I want to show the followings

$1$. If $g\in L^1[a,b]$ and $g\in L^2[a,b]$ then $g\in L^3[a,b]$.

$2$. $L^2[a,b]\subset L^3[a,b].$

$3$. Give an example of a function $g$ that $g\in L^3[a,b]$ and $g \notin L^2[a,b]$.

There is a hint which says if $p,q\ge1$ and $\frac{1}{p}+\frac{1}{q}=1$ then we have

$$\int_a^b |f(x)g(x)|\,\text{d}x\le \Big(\int_a^b |f(x)|^p\,\text{d}x\Big)^{\frac{1}{p}} \Big(\int_a^b |g(x)|^q\,\text{d}x\Big)^{\frac{1}{q}}.$$

Does this inequality have a name? and where can I find a proof for it? (I don't know much about functional analysis so please refer me to a simple proof).

I used the inequality for $g(x)=1$ to obtain

$$\int_a^b |f(x)|\,\text{d}x\le \Big(\int_a^b |f(x)|^p\,\text{d}x\Big)^{\frac{1}{p}},$$

for an arbitrary $p\ge1$. This simply means that $L^p[a,b]\subset L^1[a,b]$. Specifically, we have

$$L^2[a,b]\subset L^1[a,b],\qquad L^3[a,b]\subset L^1[a,b].$$

So, $1$ and $2$ are indeed equivalent. If we replace $f(x)$ with $f^2(x)$ and $g(x)=1$ in the inequality we obtain

$$\int_a^b |f(x)|^2\,\text{d}x\le \Big(\int_a^b |f(x)|^{2p}\,\text{d}x\Big)^{\frac{1}{p}},$$

and choosing $p=\frac{3}{2}$ gives

$$\int_a^b |f(x)|^2\,\text{d}x\le \Big(\int_a^b |f(x)|^{3}\,\text{d}x\Big)^{\frac{2}{3}}.$$

However, this last inequality implies that $L^3[a,b]\subset L^2[a,b]$ which is the converse of what the question says! Am I missing something here?
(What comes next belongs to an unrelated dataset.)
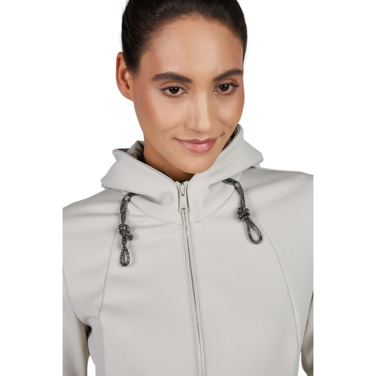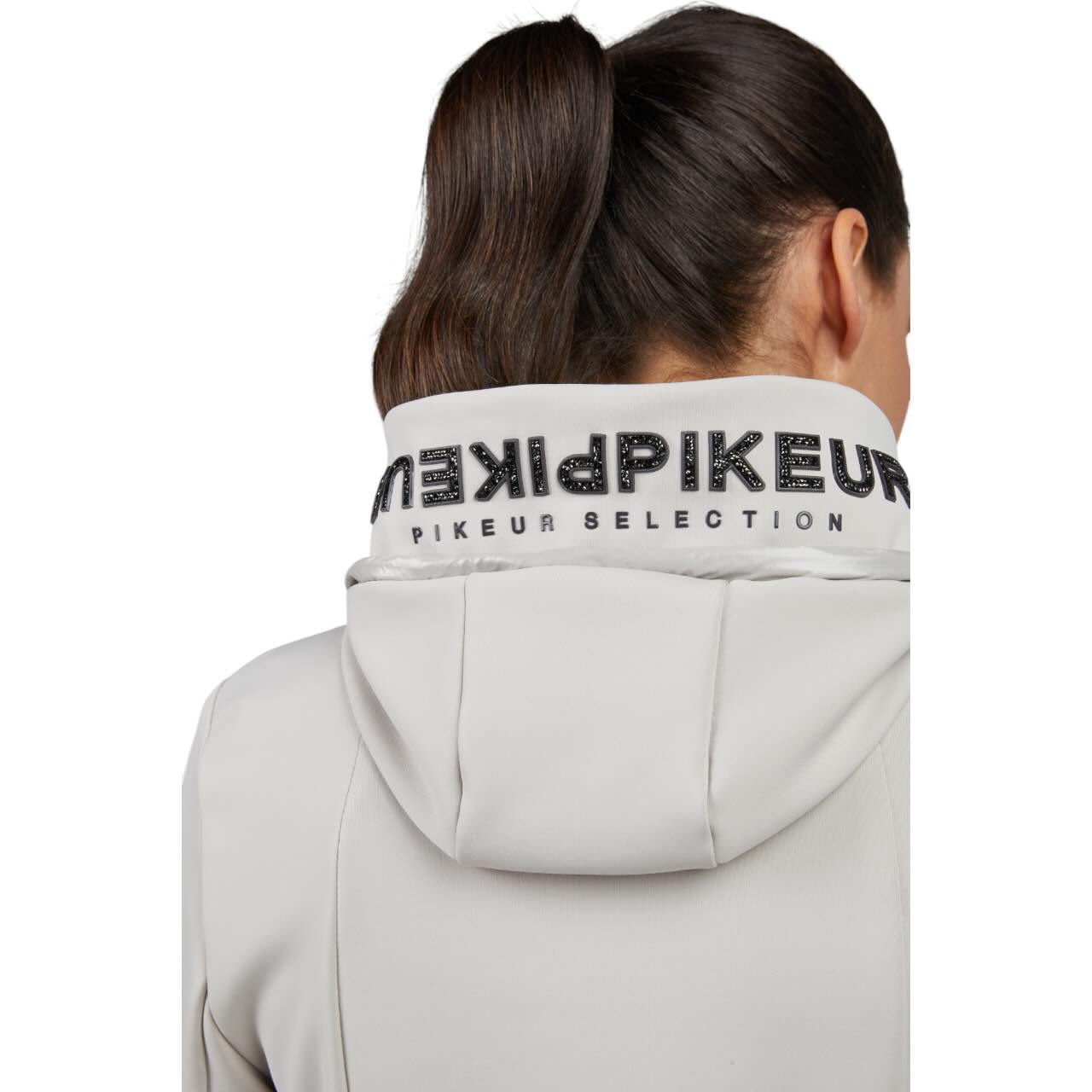 Besonderheiten | Crystalstone Kapuzen-Zierkordeln, feste Kapuze, Magnet-Klick-System an Kapuze, Pikeur Selection Crystalstone-Silikon Labeling auf dem Kapuzenrand |

Furthermore, $f(x)=x^{-\frac{5}{12}}$ is $L^2[0,1]$ but not $L^3[0,1]$. So, I guess there should be a typo in the question.

Another example that I was thinking about was $f(x)=x^{-\frac{1}{2}}$. It seems that it is $L^3[1,\infty)$ but not $L^2[1,\infty)$. Converse of the previouse example! Can you shed some light on this?

Future readers can take a look at this post which is closely related.

Answer 1

Well, according to the comments, the inequality is called H$\ddot{\mathbf{\text{o}}}$lder inequality. The correct inclusion relation is

$$L^3[a,b]\subset L^2[a,b]\subset L^1[a,b].$$

More generally, if $p<q$ and $[a,b]$ is bounded then

$$L^q[a,b]\subset L^p[a,b].$$

For unbounded domains, this may not be true as the example at the end of question points out. This also implies that the H$\ddot{\text{o}}$lder inequality is not valid for such domains.